■ Work request: Exactly the lines from the one holding "Креветки королевские Премиум" through the last line of the listing below must appear in the answer, and no pictures.

^^^^

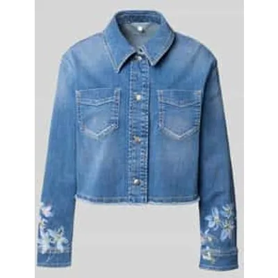 Dames jeansjack van Marc Cain;Katoenmix met stretch;recht model;kentkraag;knoopsluiting;borstzakken;franjesrand;motiefprint;ruglengte bij maat 36: 47 cm;schouderbreedte bij maat 36: 40 cm;borstwijdte bij maat 36: 48 cm;Mouwlengte bij maat 36: 56 cm
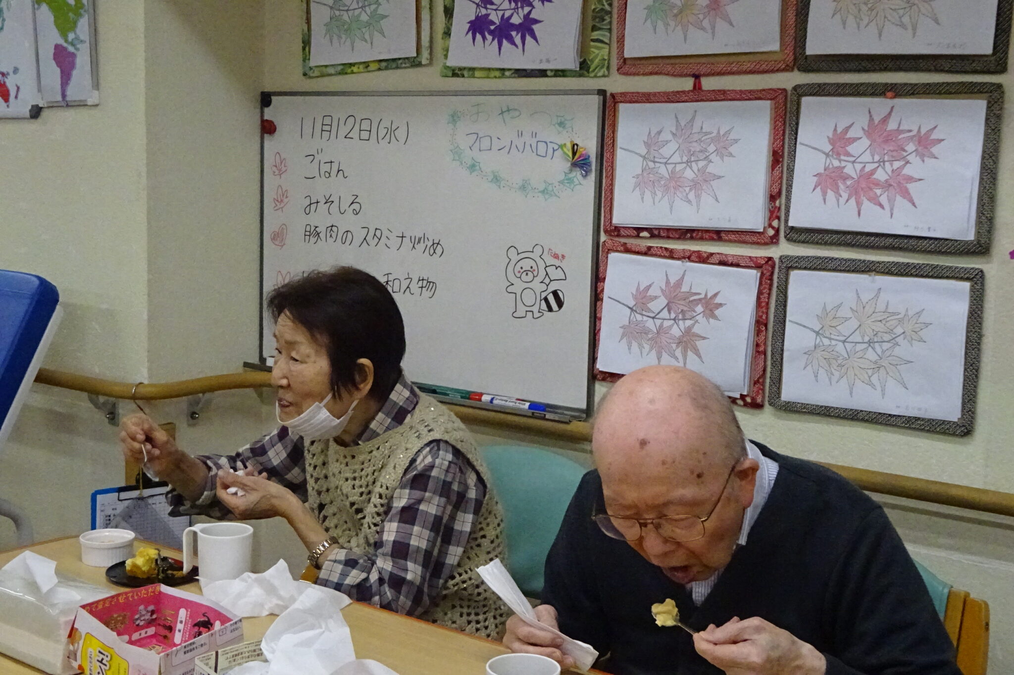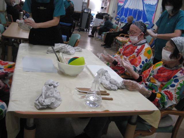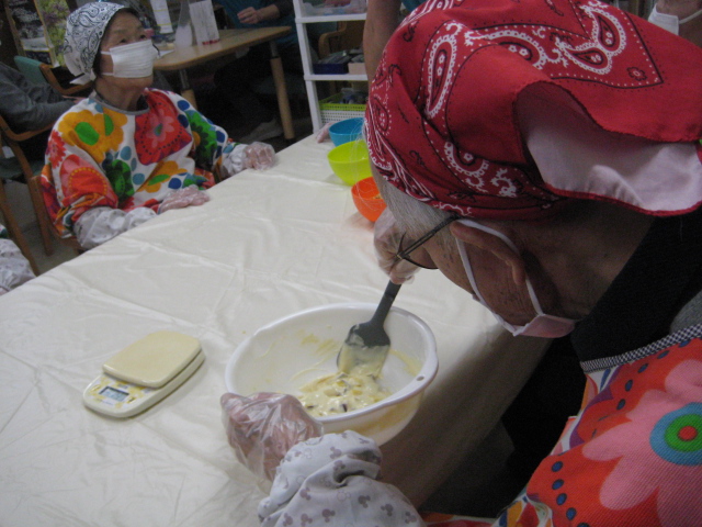 ★お菓子レク継続中!!★☆ 公開済み: 2025年11月12日更新: 2025年11月12日作成者: 万葉のさと大口カテゴリー: 大口 さつまいも蒸しパン...大好評につき本日もがんばりました!!いつもと変わらず、まずは万全の準備。これが大事。皆様のこころが一つになる時ですよ。なにしろ、これが一番大事なんですよ。包丁の扱い方。皆様へ、ゆっくり丁寧に何度も教えています。しっかり教われば、見事に成立します!!なかなかやりますね。がんばって男性のご利用者様も負けてません。とても器用に取り組み、お見事です。さぁ、、、、今度は計測です。150グラムに設定です。真剣な表情です。落ち着いていきましょう!!男性のご利用者様も計測です。真剣な表情は、見ていて気持ちいいですね。だんだんできあがる方向へ行くと、皆様のコミュニケーションが一段とレベルUPしますね。このかきまぜる作業は、なにかと体力勝負!!もう少しがんばってけっこう粘り強くかきましています!!本当のあと少しです。とにかく男性のご利用者様は力の入れ方が違いますね。さぁ峠は見えてきました!!!さぁ~このプラケースにいれたら終わりです!!この達成感がいいんですよ。おやつの時間にあわせて、皆様が、がんばった「さつまいも蒸しパン」間に合いました。おいしかったと大好評でした。本当にお疲れ様でした。ありがとうございました。 関連記事 ・・★★100才おめでとうございます!!★★・・ 100才 素晴らしい笑顔ですね。本当に気持ち良い拍手が延々と続きました。なかなか100才は大きい壁ですけど、これこそ最大の目標ですね。コロナを吹き飛ばしてオリンピックで盛り上がりましょう!!s最後は素晴らしいお礼の挨拶し…続きを読む 公開済み: 2021年7月5日更新: 2021年7月5日作成者: 万葉のさと大口カテゴリー: 大口 withコロナ大口 七夕かざり!! 何とか間に合いましたぁ!!七夕かざりました。今回はコロナ関連多いですね。まずは短冊に何の願い事を書くかですよね・・・・何となくできてきました。今サインを書いていますよ。短冊に紐を通しました。そろそろですね。完…続きを読む 公開済み: 2020年6月29日更新: 2020年6月29日作成者: 万葉のさと大口カテゴリー: 大口 ★蒸しようかん■PART2■ 公開済み: 2025年10月18日更新: 2025年10月18日作成者: 万葉のさと大口カテゴリー: 大口
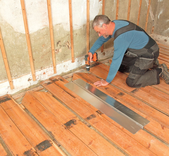 Når isolasjonen er på plass, skrus de gamle bordene fast til bjelkene med 5 x 80 mm skruer. Snu bordene med baksiden opp, og plasser dem med en 3 cm bred sprekk for hver 30 cm. Det gir plass til varmefordelingsplatene.
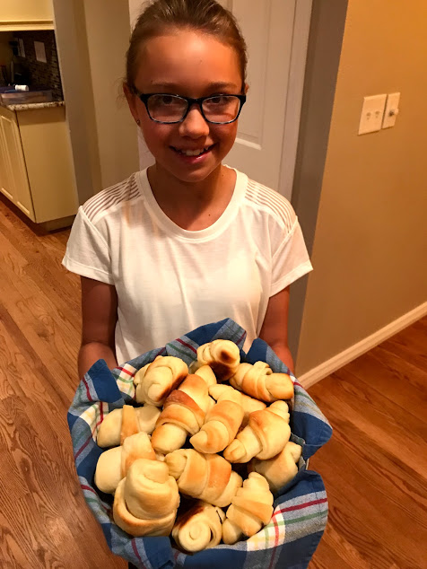 A chilly house was not a problem yesterday as Dagny and I began our roll-making process. She proclaimed that she had watched her Aunt Lauren make these rolls many times, and she knew exactly what to do. And she was quite right.
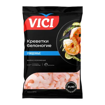 Креветки королевские Премиум очищенные без жилки варено-мороженные Vici 31/40 500г
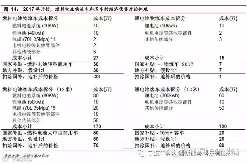 一是2017的补贴政策的调整有利于燃料电池技术。按照之前公布的2016-2020年新能源汽车补贴政策,锂电池2017-2018年和2019-2020年补助标准分别比2016年下降20%和40%,但燃料电池的补贴维持2016年水平不变。因此,基于2017补贴水平,物流车燃料电池的补贴力度较大,国家补贴就足以覆盖成本,燃料电池客车扣除补贴的成本,同样优于锂电池,对于整车厂而言吸引力明显增大。我们已经看到北汽福田、宇通客车公开宣布自己在研发燃料电池客车。
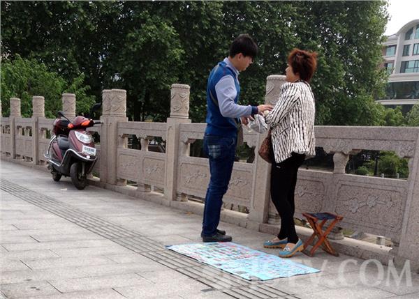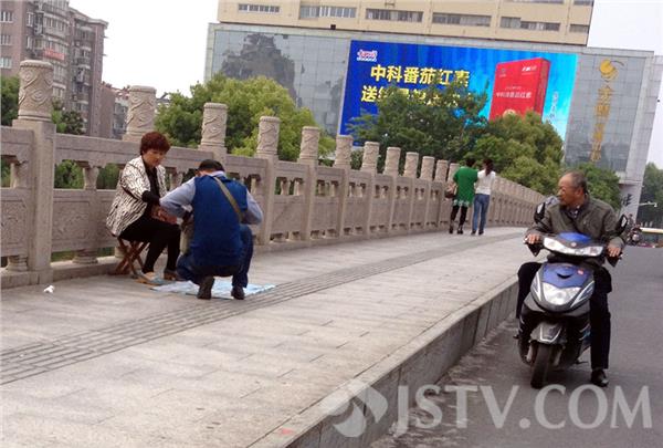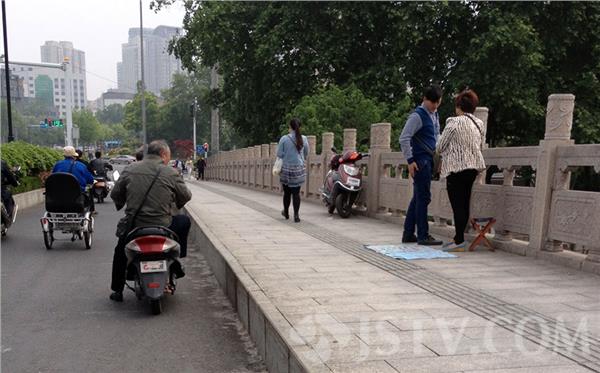 笔者今天下午来到汉中门大桥,果然在汉中门大桥南侧人行道上看到,一个穿白上衣黑裤子,短发的中年女子坐在小橙子上,摆地摊,在她的前面铺着一张广告纸,上面写道回收高档玉器,在她的右侧,旁边还下蹬着一个背包的小伙,此时她们看到有一位老人骑电动车从西面远处驶来,小伙子立即从包里拿出来一个玉佩和一副玉手镯说:“偷来的玉器绝对正宗便宜卖”,老人家好奇停下车观看,这时另一个躲藏在远处的小伙骑电动车假装行人赶来围观,演双簧说:“这真是一块好玉”,随后小伙1300把玉佩卖给了该女子,但是另一副玉镯800块始终不肯卖给她,走路向东离开,此时如果有人贪便宜心动,追上去加一点钱,哪要中她们圈套,受骗上当了。

^^^^

■ Result for this exercise:
 Креветки королевские Премиум очищенные без жилки варено-мороженные Vici 31/40 500г
 一是2017的补贴政策的调整有利于燃料电池技术。按照之前公布的2016-2020年新能源汽车补贴政策,锂电池2017-2018年和2019-2020年补助标准分别比2016年下降20%和40%,但燃料电池的补贴维持2016年水平不变。因此,基于2017补贴水平,物流车燃料电池的补贴力度较大,国家补贴就足以覆盖成本,燃料电池客车扣除补贴的成本,同样优于锂电池,对于整车厂而言吸引力明显增大。我们已经看到北汽福田、宇通客车公开宣布自己在研发燃料电池客车。
 笔者今天下午来到汉中门大桥,果然在汉中门大桥南侧人行道上看到,一个穿白上衣黑裤子,短发的中年女子坐在小橙子上,摆地摊,在她的前面铺着一张广告纸,上面写道回收高档玉器,在她的右侧,旁边还下蹬着一个背包的小伙,此时她们看到有一位老人骑电动车从西面远处驶来,小伙子立即从包里拿出来一个玉佩和一副玉手镯说:“偷来的玉器绝对正宗便宜卖”,老人家好奇停下车观看,这时另一个躲藏在远处的小伙骑电动车假装行人赶来围观,演双簧说:“这真是一块好玉”,随后小伙1300把玉佩卖给了该女子,但是另一副玉镯800块始终不肯卖给她,走路向东离开,此时如果有人贪便宜心动,追上去加一点钱,哪要中她们圈套,受骗上当了。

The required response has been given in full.